The XX Factor

Responding to Egregious Attack on Female Protester, Egyptian Women Fight Back

The gradually worsening state of civil society in Egypt accelerated this week in response to the military’s vicious attack on a female protester in Tahrir Square. The events surrounding the beating are complex (the New York Times has a more detailed account), but I’ll summarize the basics here. For about five days, protestors have been actively calling for an end to the military rule that has dominated Egypt since the ouster of former President Hosni Mubarak earlier this year. The regime’s response has become increasingly violent, and, during the weekend, soldiers were photographed and videotaped stripping and beating women in the streets. One video in particular—which shows a young, unarmed woman being kicked and stomped after having her abaya forcibly removed to expose a plain blue bra—has quickly spread around the Internet, enraging activists both in Egypt and abroad. In an unexpected show of solidarity for a largely conservative country, thousands of Egyptian women flooded the streets of Cairo on Tuesday evening in protest.
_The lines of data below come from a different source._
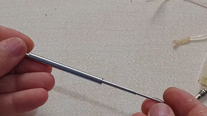 Затем берем телескопическую антенну. От нее потребуется трубка, которая по диаметру подходит для стыковки с форсункой.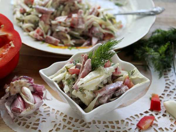 Салат с колбасой, чипсами, кукурузой и огурцом готов.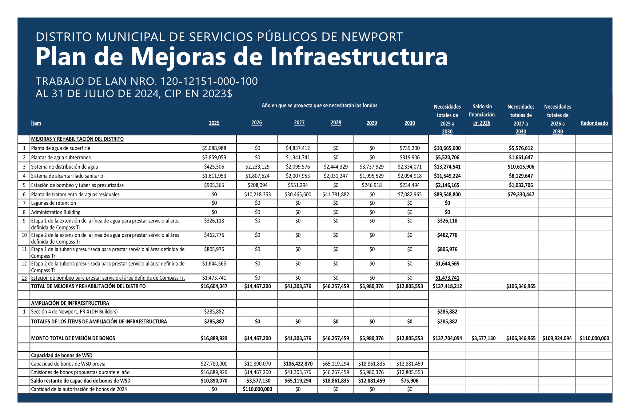 Newport MUD convoca una Elección de Autorización de Bonos para nov. de 2024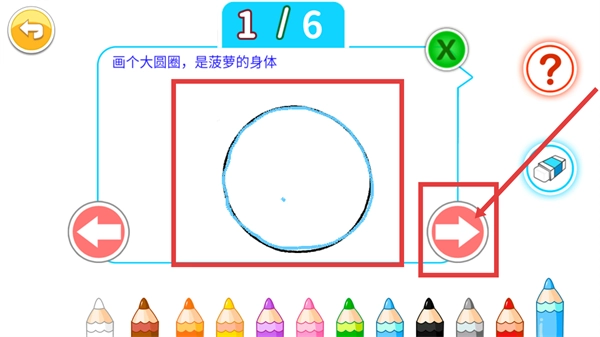 进入关卡后留意提示【画个大圆圈作为菠萝的身体】,先挑选合适颜色的画笔,然后在框内画一个大圆圈就可以啦。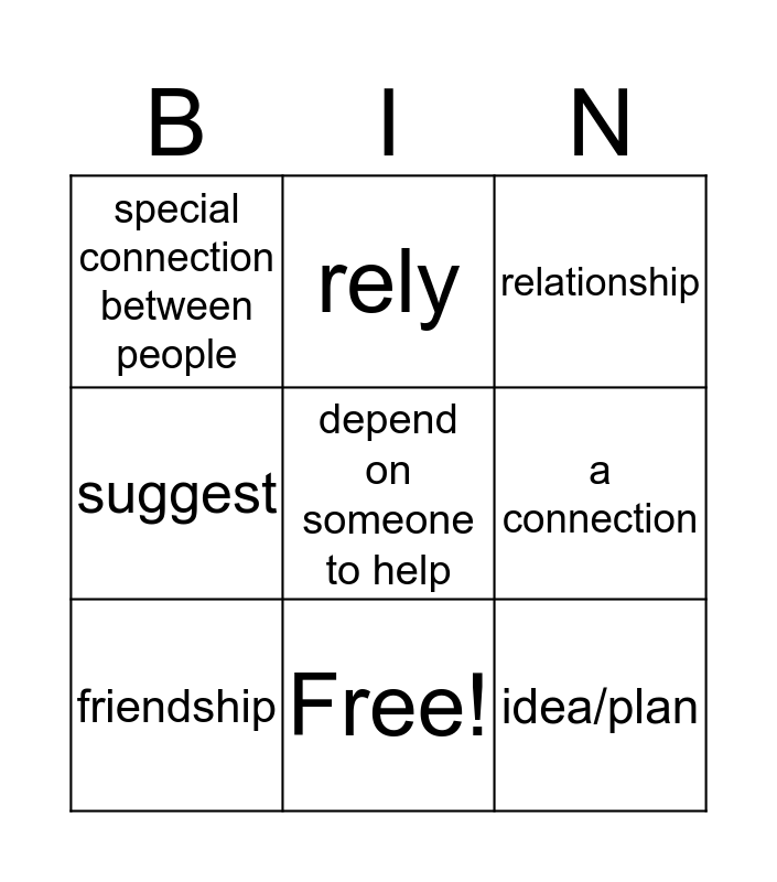 This bingo card has 9 words: friendship, relationship, rely, suggest, special connection between people, a connection, depend on someone to help, idea/plan and Free!.
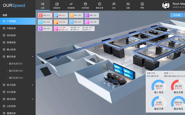 系统可对监测到的各项参数设定越限阀值(包括上下限、恢复上下限),一旦UPS发生越限报警或故障,系统将自动切换到相应的监控界面,且发生报警的该项状态或参数会变红色并闪烁显示,同时产生报警事件进行记录存储并有相应的处理提示,并第一时间发出手机短信、声光等对外报警。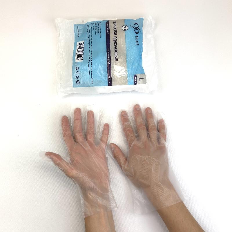 Перчатки ТПЭ ПАКЕТ прозрачные "L" УП=100шт С ТЕКСТУРОЙ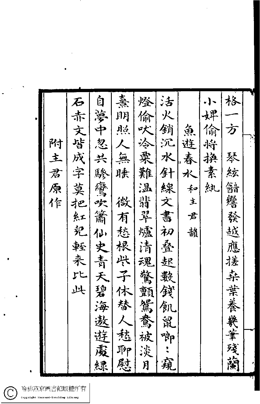 | (PRINT FRIENDLY VERSION) 春雨樓稾(清沈彩撰)。民國十三年(1924)影印手稿本 ![]() 頁碼 : 詞下.4a | 点 击 放 大 | 春雨樓稾(清沈彩撰)。民國十三年(1924)影印手稿本![]() 頁碼 : 詞下.3b | 点 击 放 大 | 返回 |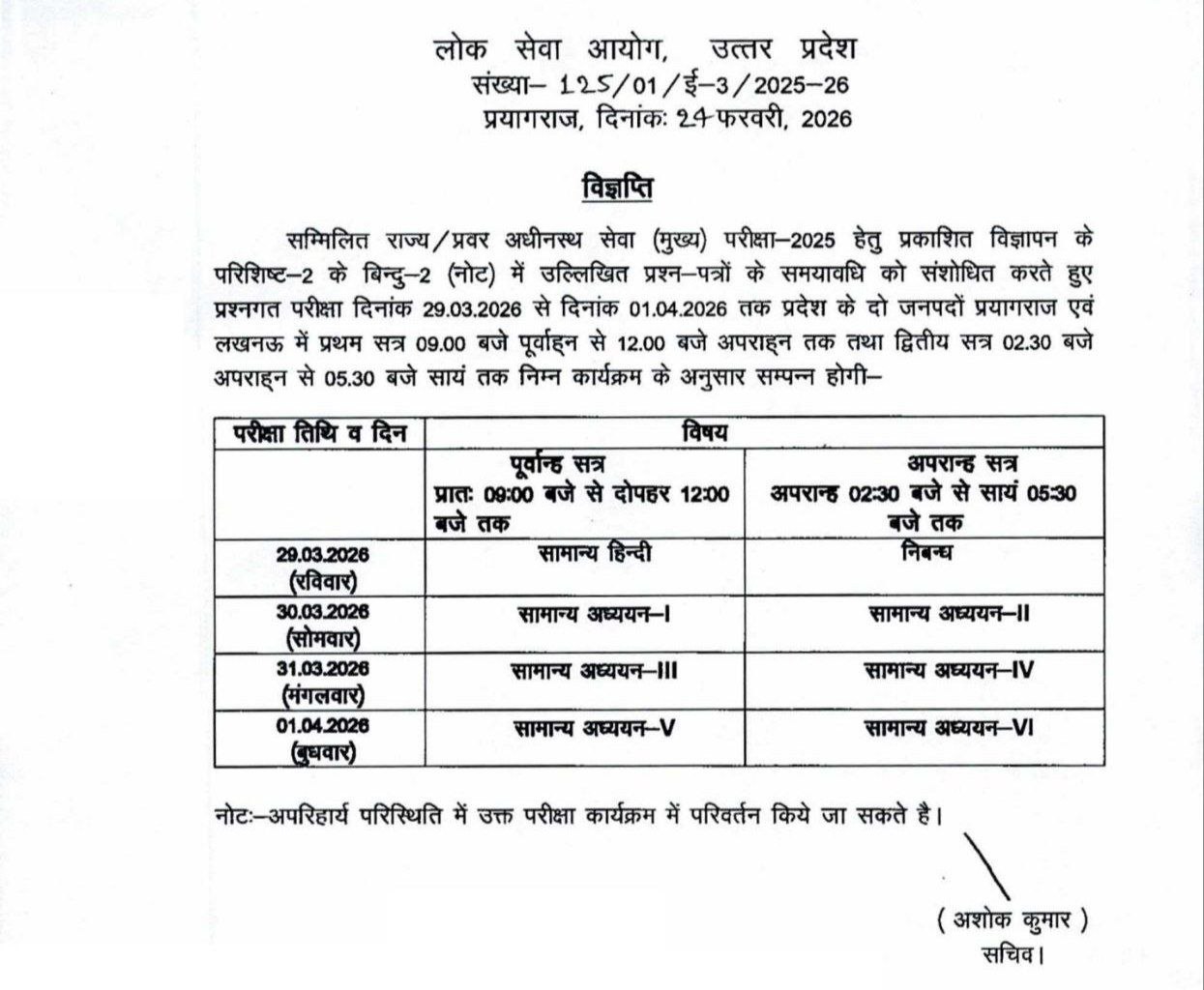 UPPSC PCS Examination 2025 NEW JOB 2026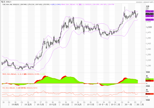 技术图上,黄金仍然在日线布林带上下轨1540-1585美元区间波动,日线MACD双线向下波动,周线出现顶背离,维持周五策略,在1570-1580美元区间做空,止损1585美元,目标1547美元。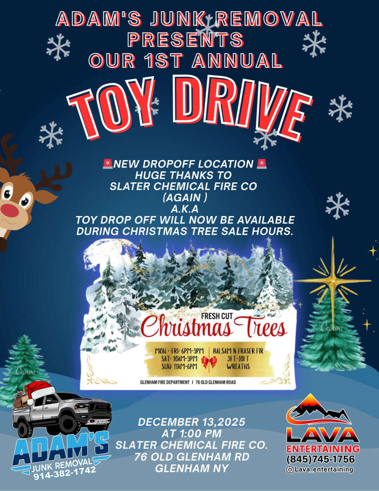 JOIN TEAM K104 ON SATURDAY (DECEMBER 13TH) FROM 1PM-3PM AT SLATER CHEMICAL FIRE COMPANY ON OLD GLENHAM ROAD IN BEACON FOR ADAM'S JUNK REMOVAL'S TOYR DRIVE AND DISTRIBUTION EVENT!
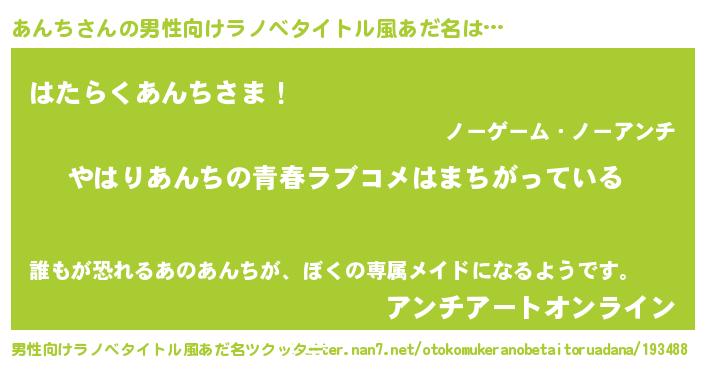 | 女子向けラノベタイトル風あだ名 | 『あんちの雑貨屋さん』『あんち恋絵巻』 |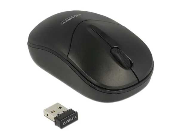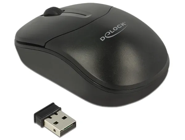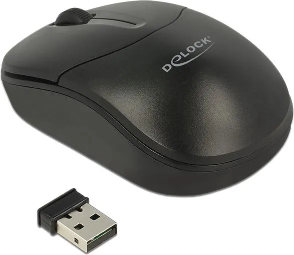 Delock - Mus - høyre- og venstrehåndet - optisk - 3 knapper - trådløs - 2.4 GHz - USB trådløs mottaker - svart - løsvekt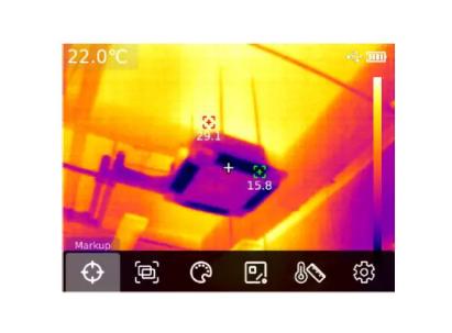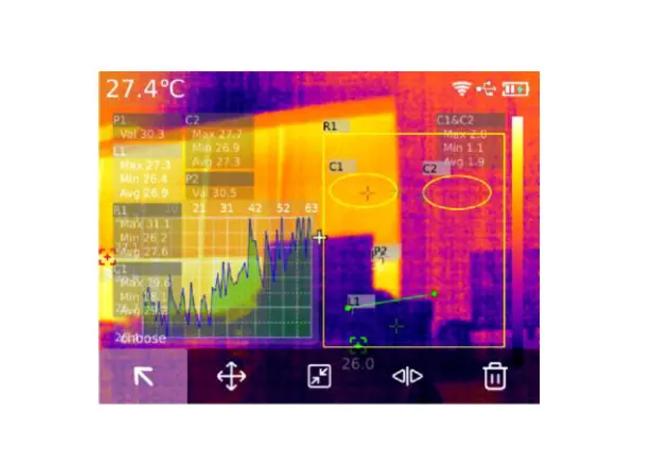 Nhấn phím "SET" để thêm đối tượng phân tích đo nhiệt độ điểm, đường thẳng, hình chữ nhật và hình tròn và thanh menu phụ của "Chọn mục tiêu" sẽ tự động bật lên. Chọn các chức năng cần thiết bằng cách sử dụng “Phím trái / phải”, bao gồm các chức năng sau: chọn, di chuyển, kéo giãn (đối với đối tượng phân tích đo nhiệt độ điểm, không thể kéo giãn), so sánh (đối với đối tượng phân tích đo nhiệt độ điểm, nó chỉ có thể được so sánh với đối tượng phân tích đo nhiệt độ điểm và thông tin so sánh tương ứng sẽ được hiển thị ở bên phải sau khi so sánh), và xóa (chỉ có thể xóa đối tượng phân tích đo nhiệt độ được chọn hiện tại). Sau khi thêm đối tượng phân tích đo nhiệt độ, thông tin nhiệt độ tương ứng sẽ được hiển thị ở phía bên trái. Khi chọn đối tượng phân tích đo nhiệt độ đường, đường cong nhiệt độ của vùng đường sẽ hiển thị ở góc dưới bên trái.
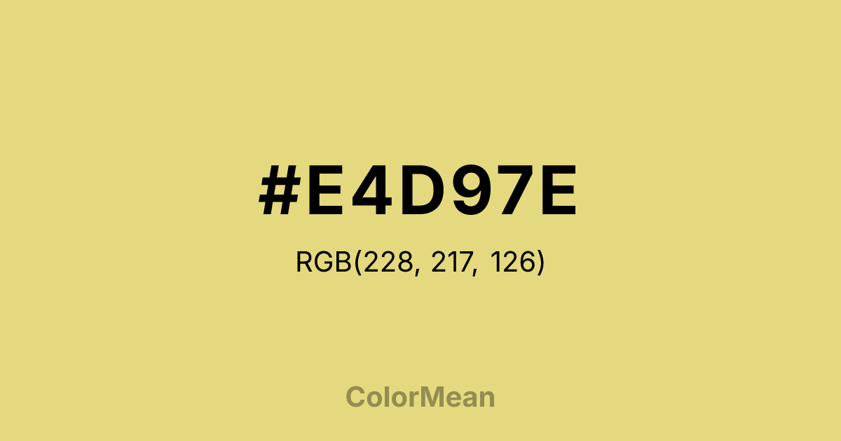 #E4D97E RGB value is (228, 217, 126). The hex color red value is 228, green is 217, and blue is 126. Its HSL format shows a hue of 54°, saturation of 65 percent, and lightness of 69 percent. The CMYK process values are 0 percent, 5 percent, 45 percent, 11 percent.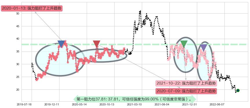 ♘ 阻力价格位37.81,可信任强度99.00%,距离最后交易2022-08-12形成的收盘价格19.69相差 +92.02%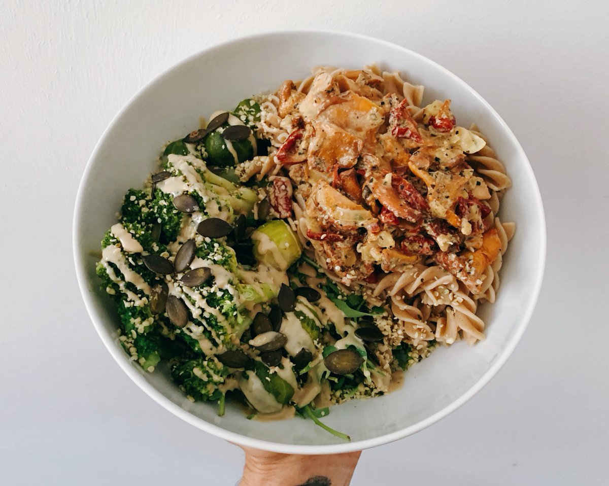 Fusilli with a mushroom dried tomato sauce, on arugula salad with broccoli and sprouts.pic.twitter.com/eYXlckSOWw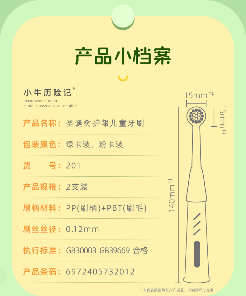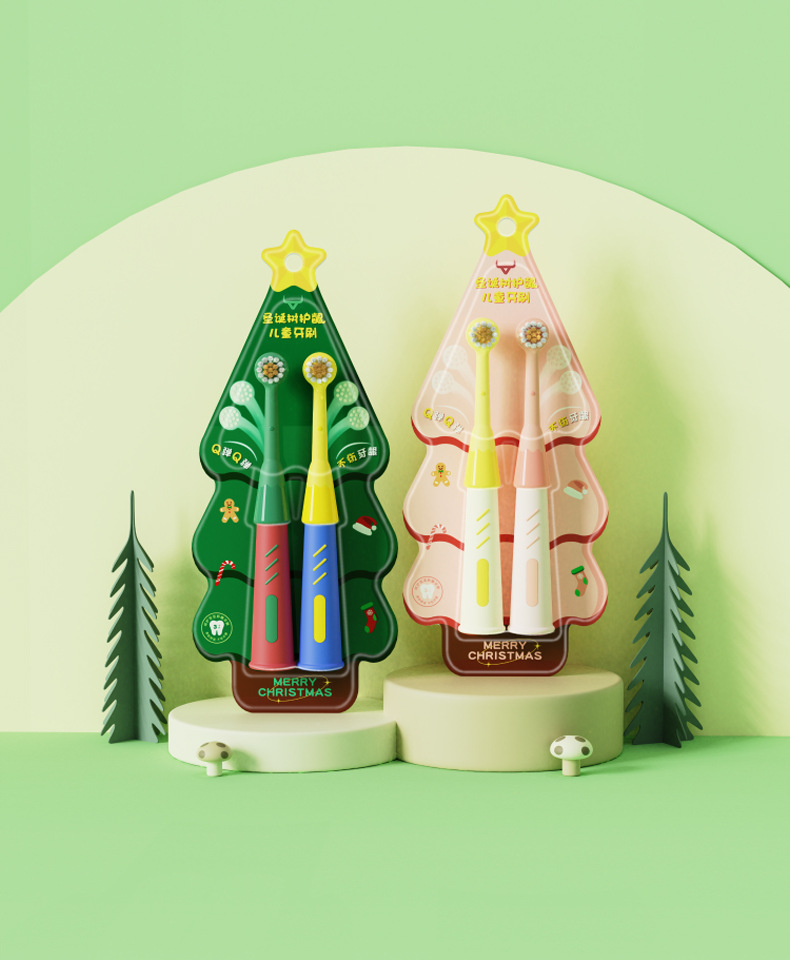 小牛历险记儿童牙刷3-12岁工厂批发2支装卡通圣诞树软毛牙刷代发

U.S. Secretary of State Hillary Clinton has strongly condemned the crackdown, noting that it “disgraces the [Egyptian] state and its uniform.” The response from the Egyptian government has ranged from defensive to dismissive to antagonistic, with retired general Abdel Moneim Kato going so far as to argue that observers shouldn’t be worried “about a vagrant who should be burnt in Hitler’s incinerators.”

But the cruelty and misogyny doesn’t stop there. The NYT reporters spoke to a number of men who had seen the “blue bra video,” and their responses are as telling as they are shocking.

Some men who had seen the images questioned why the woman had been in the square, suggesting that her husband or father should have kept her at home. Other men have argued that she must have wanted the exposure because she wore fancy lingerie, or they have said she should have worn more clothes under her abaya.

While it’s always dangerous to analyze the psychology of a different culture, I think it is safe to say that in this case, a kind of social contract has been irreparably broken. Based on the statements reported in the Times and in other media accounts, the women of all ages and political/religious orientations who took to the streets yesterday felt that the violation against this poor woman was a violation against them all. A repressive, virulently patriarchical society like the one the Egyptian military apparently wishes to foment in its country can only function with the tacit (whether coerced or freely given) consent of the women it oppresses. But when those same men who demand chastity, modesty, and all the rest prove themselves to be hypocrites by violently demeaning women in the streets, the silence is bound to be broken.